A.4. Plugin Examples
A.4.1. Using Options in Solr
In Solr, you do not directly use the option enum classes. Instead, options are specified in the schema using the format option="value"
.
When specifying options for the tokenizer (class BaseLinguisticsTokenizerFactory), use options in the TokenizerOption
enum class. When specifying options for a filter
(class BaseLinguisticsTokenFilterFactory
), use options in the AnalyzerOption
and FilterOption
enum classes.
Here is an example:
<fieldType class="solr.TextField" name="basis-french">
<analyzer type="index">
<tokenizer class="com.basistech.rosette.lucene.BaseLinguisticsTokenizerFactory" language="fra" rootDirectory="${bt_root}"/>
<filter class="com.basistech.rosette.lucene.BaseLinguisticsTokenFilterFactory" language="fra" rootDirectory="${bt_root}"/>
<filter class="solr.LowerCaseFilterFactory"/>
<filter class="org.apache.solr.analysis.RemoveDuplicatesTokenFilterFactory"/>
</analyzer>
<analyzer type="query">
<tokenizer class="com.basistech.rosette.lucene.BaseLinguisticsTokenizerFactory" language="fra" query="true" rootDirectory="${bt_root}"/>
<filter class="com.basistech.rosette.lucene.BaseLinguisticsTokenFilterFactory" language="fra" query="true" rootDirectory="${bt_root}"/>
<filter class="solr.LowerCaseFilterFactory"/>
<filter class="org.apache.solr.analysis.RemoveDuplicatesTokenFilterFactory"/>
</analyzer>
</fieldType>
Here is an example of specifying alternative tokenization options [96] in YAML:
<fieldType class="solr.TextField" name="basis-japanese">
<analyzer>
<tokenizer alternativeTokenization="true"

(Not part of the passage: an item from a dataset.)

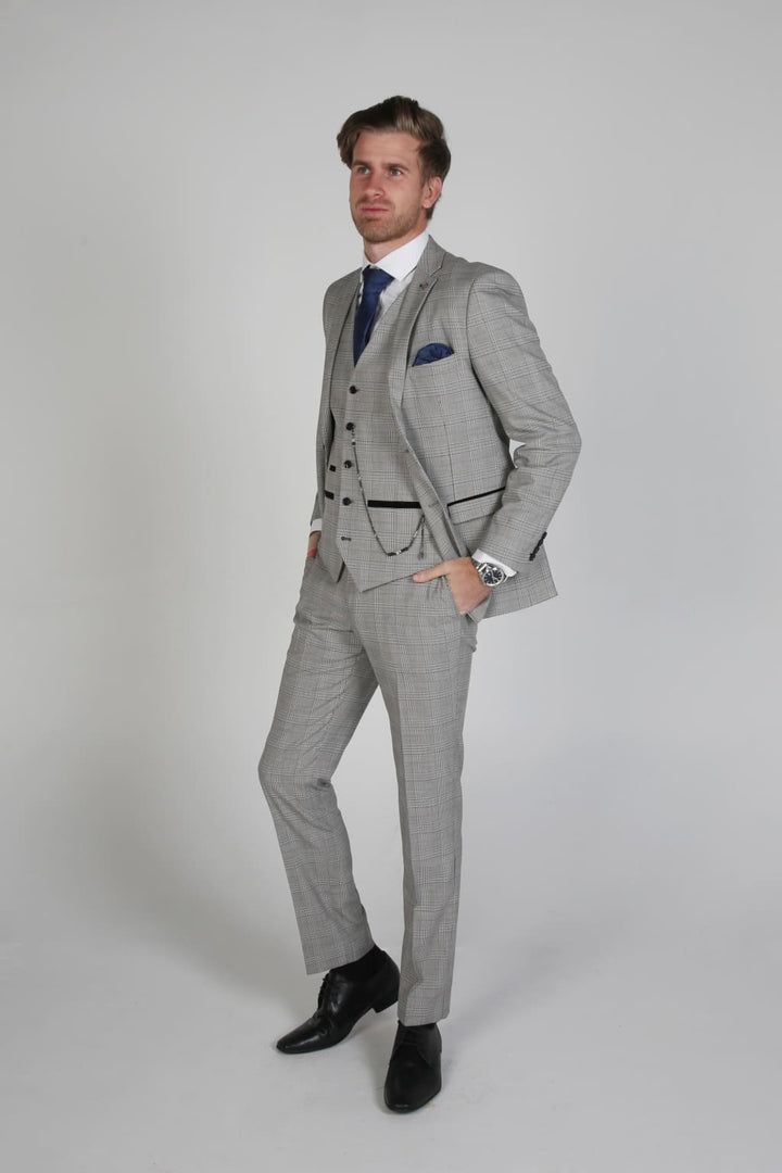 Hugo Grey Men's Three Piece Suit This timeless piece flatters from every angle! Sewn to perfection, our Hugo can be worn to any occasion. Wear this suit to work with its...

class="com.basistech.rosette.lucene.BaseLinguisticsTokenizerFactory"
language="jpn"
alternativeTokenizationOptions="{DecomposeCompounds: false}"
rootDirectory="${bt_root}"/>
<filter alternativeTokenization="true"
class="com.basistech.rosette.lucene.BaseLinguisticsTokenFilterFactory"
language="jpn"
rootDirectory="${bt_root}"/>
</analyzer>
</fieldType>
A.4.2. Using Options in Elasticsearch
For Elasticsearch, as with Solr, you do not directly use the option enum classes but rather specify their names in key-value pairs.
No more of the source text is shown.